# Chafing reduction



## Bail_Monkey (May 8, 2007)

I've seen a few threads regarding a similar topic... I've rode on and off for years and never really had any issues with chafing or a rash. I'm starting to get a light rash now and looked up various remedies for it from occurring.

Cream type of lube or a Powder to keep the area dry? I'd like to hear feedback on what you found works best.

I tend to get really hot on climbs and sweat a LOT which is not good when skin is rubbing together or against something... I do wear biking shorts 100% of the time...(Fox & Kenda)

TIA


----------



## Ericmopar (Aug 23, 2003)

I use medicated powder to stay dryer. 
And... this is embarrassing... butt... Johnsons or Desitin diaper rash cream can help in extreme situations of saddle sore. 
I thought someone might have been pulling my leg a couple of years ago, but I tried it and got almost instant (over night) relief.  
It doesn't rub in good like some things, so you should hit the sack with shorts or underwear on. 

And of course the obvious thing is, don't wear dirty shorts.
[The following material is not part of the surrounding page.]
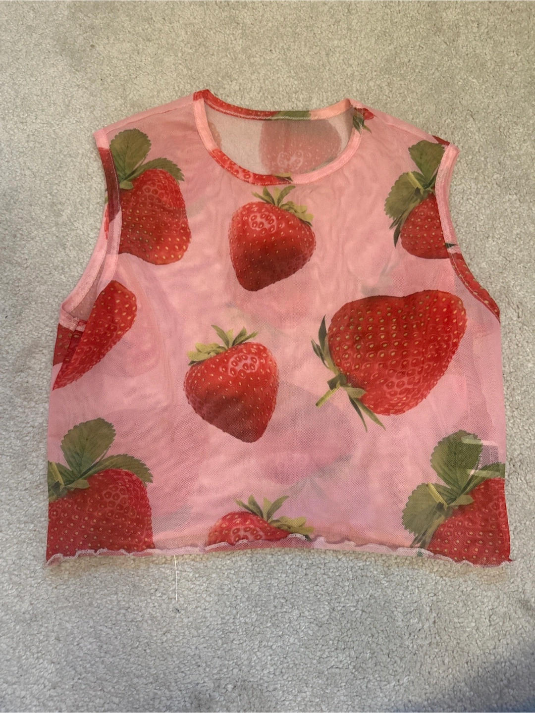 Cute strawberry print mesh top! Perfect for layering or wearing on its own. It's in great condition!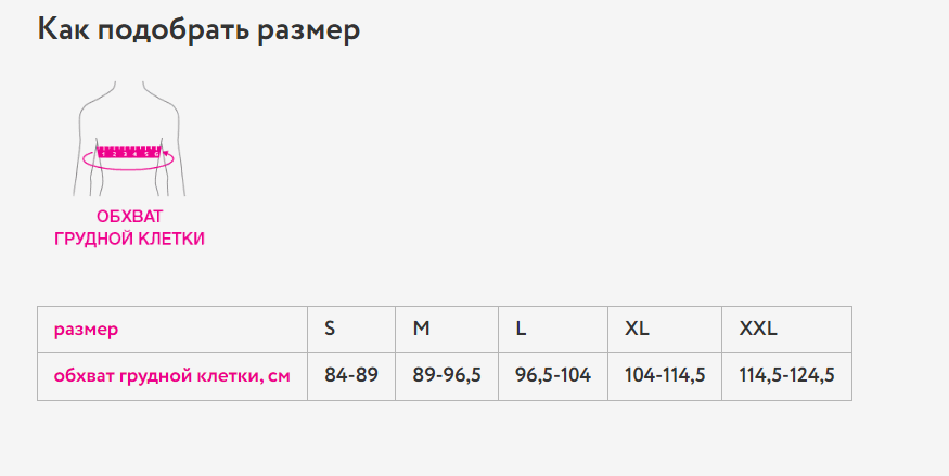 Таблица подбора размера:

Ride them then wash them.


----------



## perttime (Aug 26, 2005)

Just mentioning the obvious: your seat is not too soft or wide?


----------



## Bail_Monkey (May 8, 2007)

Ericmopar said:


> I use medicated powder to stay dryer.
> And... this is embarrassing... butt... Johnsons or Desitin diaper rash cream can help in extreme situations of saddle sore.
> I thought someone might have been pulling my leg a couple of years ago, but I tried it and got almost instant (over night) relief.
> It doesn't rub in good like some things, so you should hit the sack with shorts or underwear on.
> ...


I saw a powder product specifically for this type of irritation called 'monkeybutt'. Apparently motocrossers/motercyclists sweat a bunch and develop what they call 'monkeybutt' (rash).

It's not embarrassing when you have the irritation and in general, it's diaper rash.... thanks....rep.


----------



## Bail_Monkey (May 8, 2007)

perttime said:


> Just mentioning the obvious: your seat is not too soft or wide?


I was riding a Specialized Ti Phenom then switched to a WTB Rocket V Team which I like. (More padding than the Phenom)


----------



## perttime (Aug 26, 2005)

It is possible that you are sinking into the seat padding enough to increase chafing. That is what prompted me to go for firmer seats (Fizik Dolomiti and Nisene HP: not sure if they are currently available models).


----------



## Ericmopar (Aug 23, 2003)

perttime said:


> It is possible that you are sinking into the seat padding enough to increase chafing. That is what prompted me to go for firmer seats (Fizik Dolomiti and Nisene HP: not sure if they are currently available models).


That's true. 
Seats make or break the ride. 
I like a thicker padding, but with very firm foam and no gel. Gel can also be a nightmare on longer rides. 
I prefer a slightly thicker padding than most though, because I'm 200ld fully loaded with gear, and tend to sink into the saddle padding down to the shell underneath. 
Most new saddle designs are cupped in shape and are "flex tuned".

I also prefer a flat, hard shell, type of saddle. That unfortunately is getting really difficult to find.


----------



## derockus (Mar 27, 2009)

There are a lot of lubes out there aimed at bikers and their taint friction. Butt Butt'r is a good one and so is Hoo-Hah Ride Glide (targeted for females).

For after-the-fact I go with A+D Ointment.


----------



## rcdenn01 (Jun 16, 2011)

I had the worst case of rash/jock itch not too long ago. Started with some chaffing that went untreated. Finally turned into full blow jock itch after and spending all day in my shorts at a race.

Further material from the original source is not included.